# Club Voyage



## mickcope (Aug 9, 2009)

Has anyone used this with Brittany - it says 'up to 30%' discount. I just wondered if people find it of value

cheers
Mick


----------



## thieawin (Jun 7, 2006)

£100 joining fee and £100 membership each year including year 1. ie Year 1 is £200

This year we will have done three trips and saved over £600 on standard fares, the discounts do not apply to special offer fares, plus you get £7.50 breakfast vouchers on overnight routes and 10% off the a la carte restaurants. 6 of us went one trip so the return breakfasts, which are not bad, was worth an additional £90 

We have a place near Barcelona and the saving in fuel and tolls, and if not in the MH, on an overnight somewhere, and the facts we take the dogs and book dog kennels or cabins is worth any extra cost.

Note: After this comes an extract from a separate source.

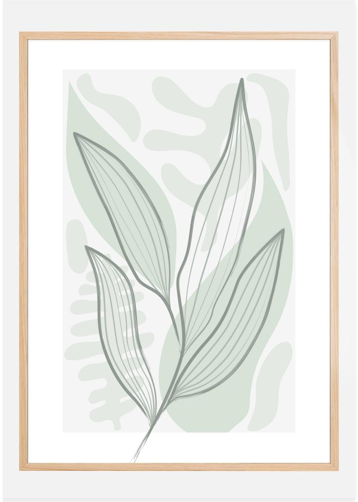 Μια αφηρημένη αφίσα με φύλλα σε απλό πράσινο φόντο με διάφορα σχήματα και μοτίβα φύλλων. Με απαλές πράσινες και γκρι αποχρώσεις, η απλή σχεδίαση των φύλλων, που περιγράφεται από μια έντονη γκρι γραμμή, προσφέρει μια έντονη αλλά απαλή αίσθηση άνοιξης που μπορεί να κρεμαστεί σε οποιοδήποτε δωμάτιο του σπιτιού.

Actually the most important thing for us is the saving in driving time and the fact that 24 hours at sea at the start of our holiday and the end is much more relaxing is the biggest seller

We leave here 07.00, normally, get the boat to either Heysham or Liverpool, drive to Portsmouth, get an evening or late afternoon boat from Portsmouth and it is 5 driving hours from Bilbao and 6 from Santander, so total journey time, including 27 to 28 hours at sea is about 40 including 9 hours driving. 

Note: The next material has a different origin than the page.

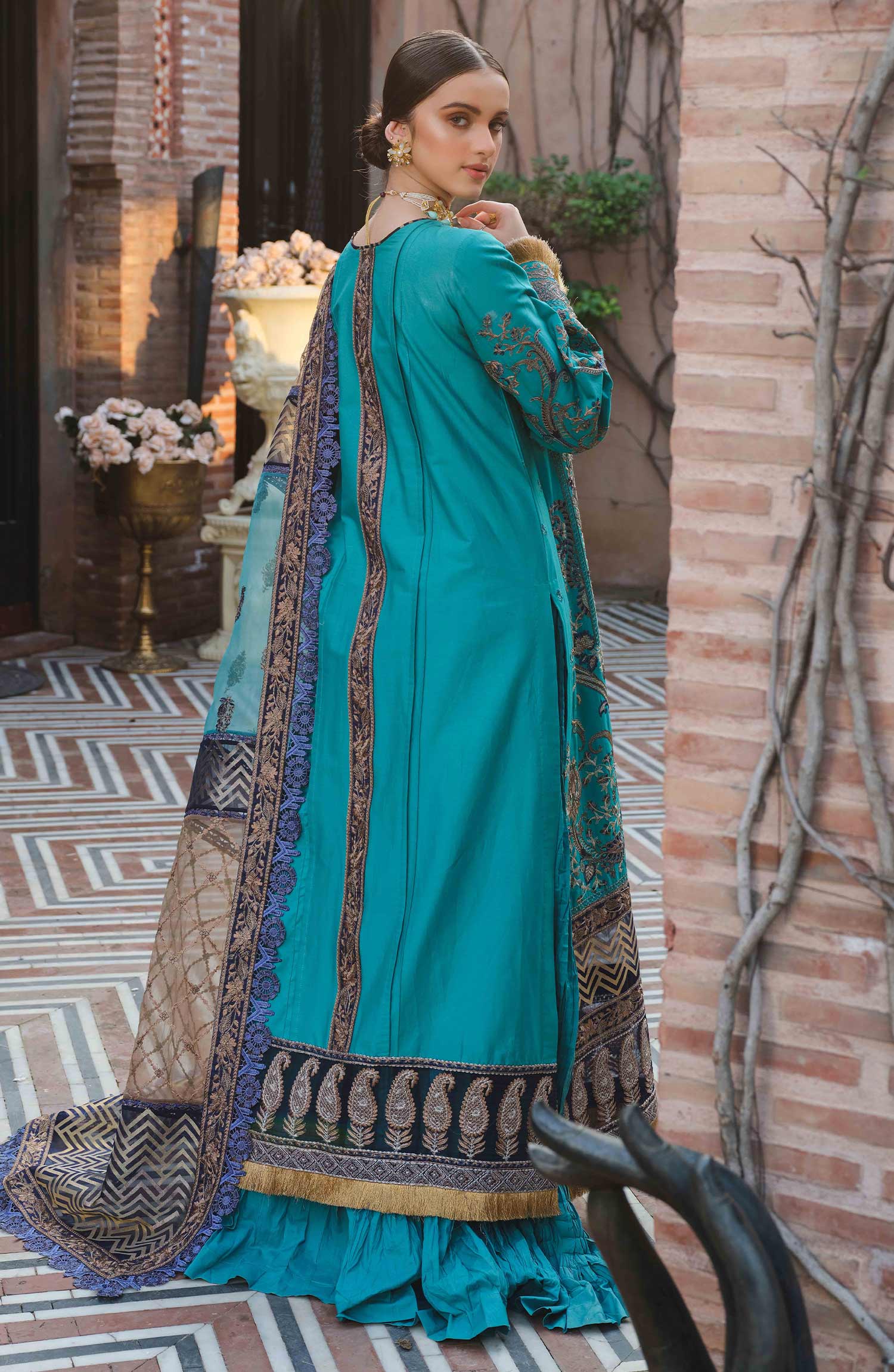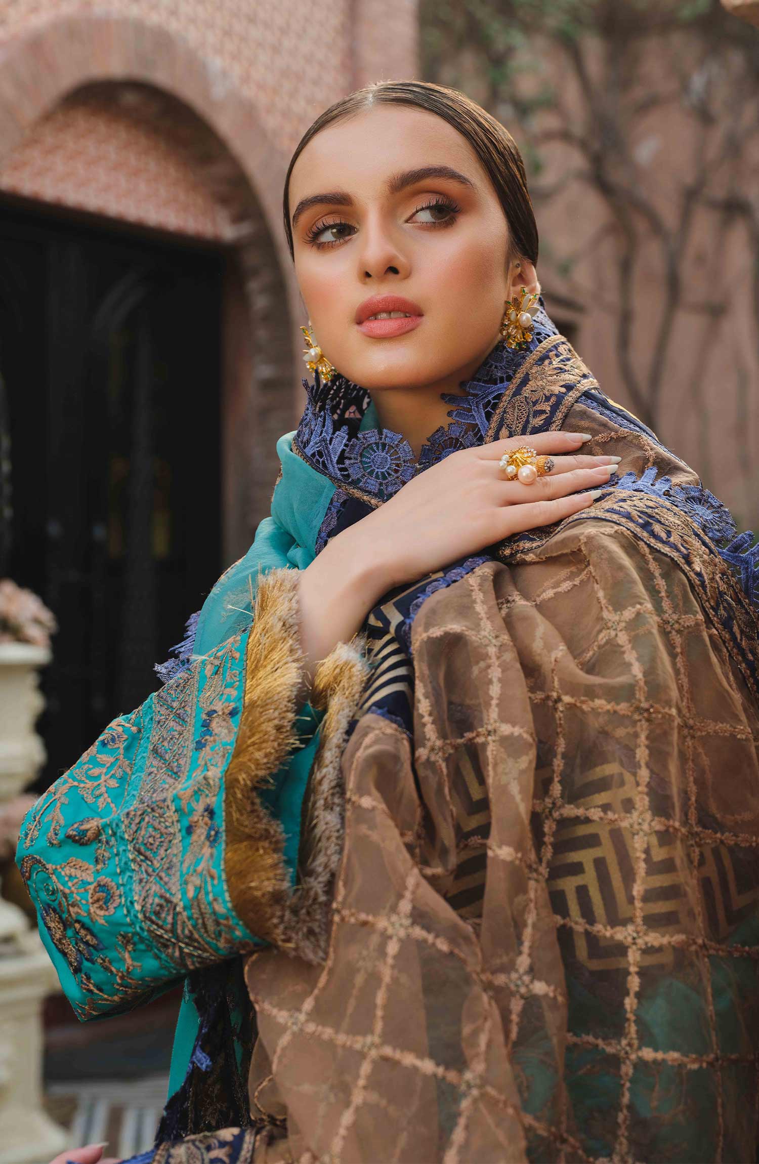 Fabric: Embroidered lawn front & sleeves lawn back Embroidered lawn sleeves Patti patch Embroidered organza front back daman patches Front laser patch Embroidered organza dupatta with embroidered & laser patches Cotton trouser *Extensions not included |

Going via Dover and Calais it is about the same total but with 20+ hours driving and an overnight stop and only 4 to 6 hours at sea/under the channel


----------



## MrsW (Feb 8, 2009)

We live in France and use the Club Voyage fortrips by car back to the UK and we give our code (as is allowed) to guests who rent our gite. We get the 10% off sailings and off cabin costs (and get free day cabins on some sailings) and the money off breakfasts and the restaurants but our guests also get a reduction off their fares although not the other extras and we get a kickback off their sailings each year which goes towards the cost of the membership. Well worth doing (and if you need a code to get a reduction please feel free to pm me).


----------